The first writing from the initial women and wardrobe survey has now been published. We called our book chapter Manufacturing the woman leader, with a nod here to the idea of fabrication and construction, but we didn’t try to do anything really clever with the idea of clothes themselves.
Perhaps we should have.
Amanda’s university press office covered our publication and came up with a great wardrobe oriented title – Hanger management. Their press release was picked up by a few journalists – one of whom headed her piece Suiting the part.
We are aware of how many clever and/or groan-worthy titles might be made about our project.
There’s still more to do with the word suit. Who is suited for leadership? is probably a title that we will use at some point. Such a title will allow us to write a paper about the overt and hidden selection criteria that are used to recruit and appoint people to the job. We do have some information about this and we would certainly like to collect more.

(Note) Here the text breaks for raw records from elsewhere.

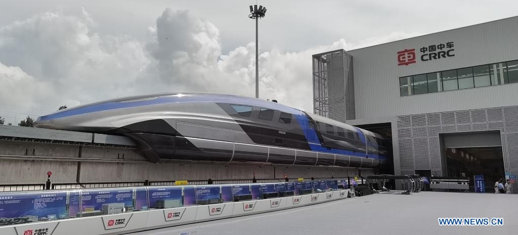 Photo taken with a mobile phone on July 20, 2021 shows China's new maglev transportation system in Qingdao, east China's Shandong Province. China's new high-speed maglev train rolled off the production line on Tuesday. It has a designed top speed of 600 km per hour -- currently the fastest ground vehicle available globally. The new maglev transportation system made its public debut in the coastal city of Qingdao, east China's Shandong Province. It has been self-developed by China, marking the country's latest scientific and technological achievement in the field of rail transit, according to the China Railway Rolling Stock Corporation. (Xinhua/Wang Kai)
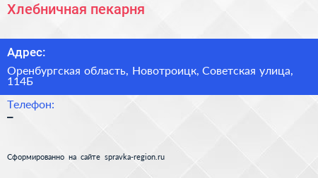 Хлебничная, пекарня по адресу Оренбургская область, Новотроицк, Советская улица, 114Б в дальнейшем Организация, размещена в следующих категориях:
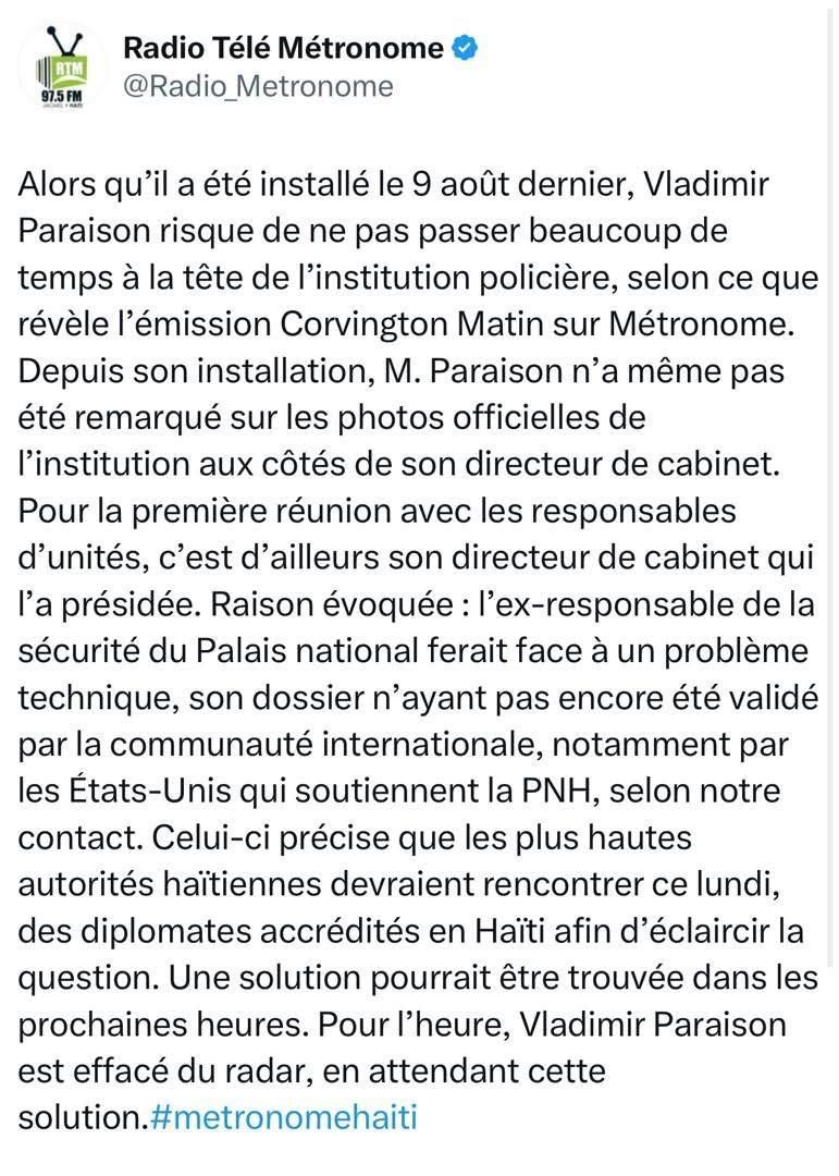 Selon métronome, un media de la place, qui explique à travers un tweet que cela est du à cause du blanc, il est à l’heure actuelle effacé du radar. Et oui toujours le blanc qui n’accepte pas encore cette nomination. Pour être un DG de la PNH, il faut être un joueur du blanc pour faire le travail du blanc (DG esclave que le blanc colon passe des ordres) sinon cette nomination pourrait ne pas être valide.
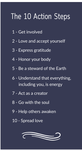 Diese 10 Handlungsschritte sind aus der Buchreihe „Gespräche mit Gott“ des modernen spirituellen Lehrers Neale Donald Walsch abgeleitet und helfen uns, in ein Zeitalter des Bewusstseins überzugehen, das auf Liebe, Mitgefühl und Einheit basiert.
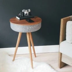 Tabblue Personalised Bluetooth Side Table With Surround Sound – Light Wood – Whiskey Sticker
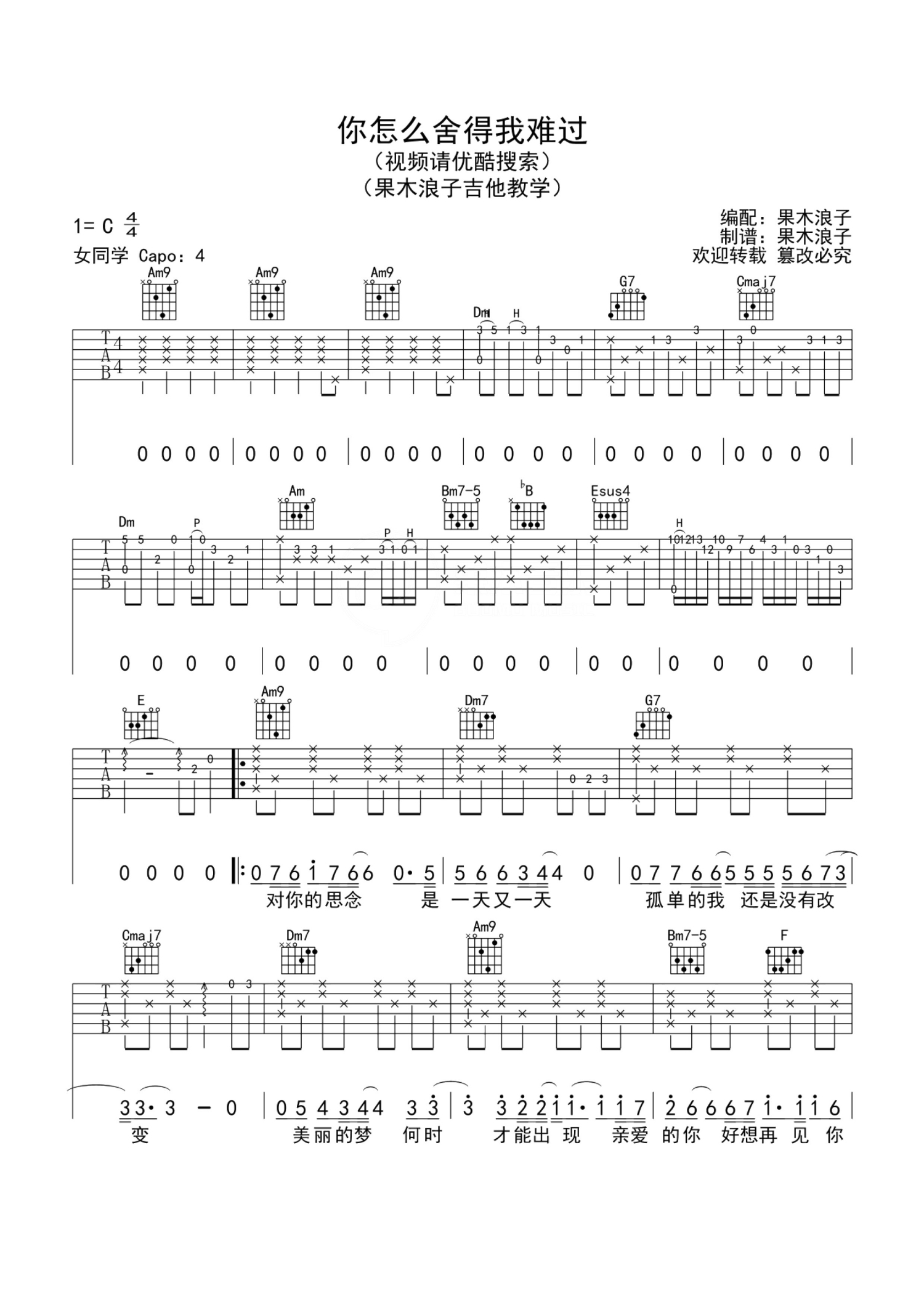 当前位置:琴谱网>吉他弹唱>你怎么舍得我难过
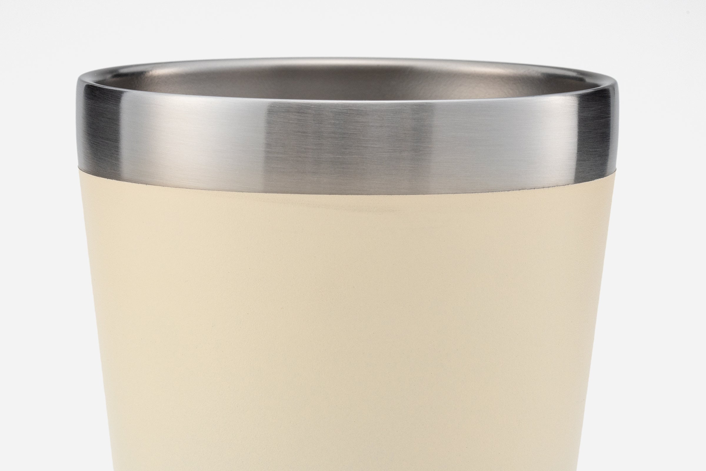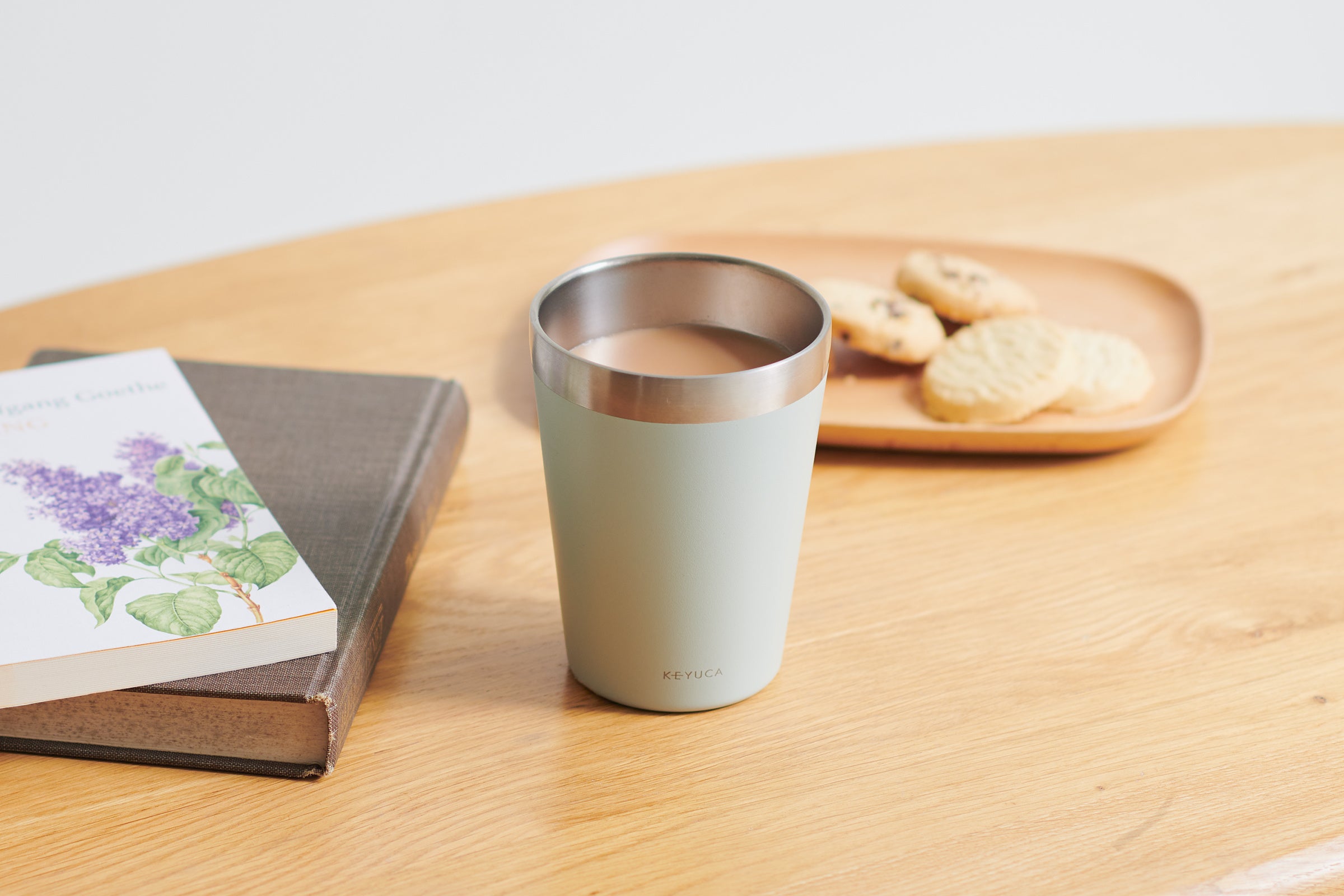 真空2層構造になっているため、保温保冷効果があり、季節を問わず飲み物を長時間美味しくお楽しみいただけます。さらに、冷たい飲み物をいれた際は、暑い夏でも結露を防ぐことができ、持ち運びやオフィスのデスクでご活用いただくのにもぴったりです。また、本体部分は、ざらつきのある塗装で仕上げ、手に持った時の質感にもこだわりました。飲み口は、無装飾にすることによって、心地よい口当たりを実現。飲み物や口紅などの着色汚れも防ぎます。

We often think about the publication that might go with a title like Leadership as straight jacket – rather than straitjacket. This title might help us to talk about leaders having to walk a straight line enforcing government policy whether they agree with it or not. Perhaps this title gives us a way to come at the kinds of restrictive expectations that seem to sit around the leader role. The straightjacket title would give us the option to talk about leaders’ autonomy, what freedoms are possible, and what aren’t. Importantly, the double meaning also provides a way to talk about the gendering and de-and re-sexualising of leadership – and what is sometimes called “heteronormativity” in the leadership and organisation literatures.
Then there’s the possibilities of dress. We think of the notion of add-dress. A paper on add-dress might talk about the career pathways to leadership, and being “called” to the job. An add-dress paper could talk quite literally about what the position is called – I had someone use the term headmistress to me just the other day, so gendered titling has not entirely vanished. Or perhaps we could use the notion of re-dress to think about the ways in which the job might be redesigned, how discrimination in recruitment and promotion might be got rid of, how past injustices in the system might be recognised.
Titles of papers are always a bit of fun. But playing with words has a serious side. Word play allows us to think about the ways in which we can come at our/your data to write something that is important about women in leadership positions.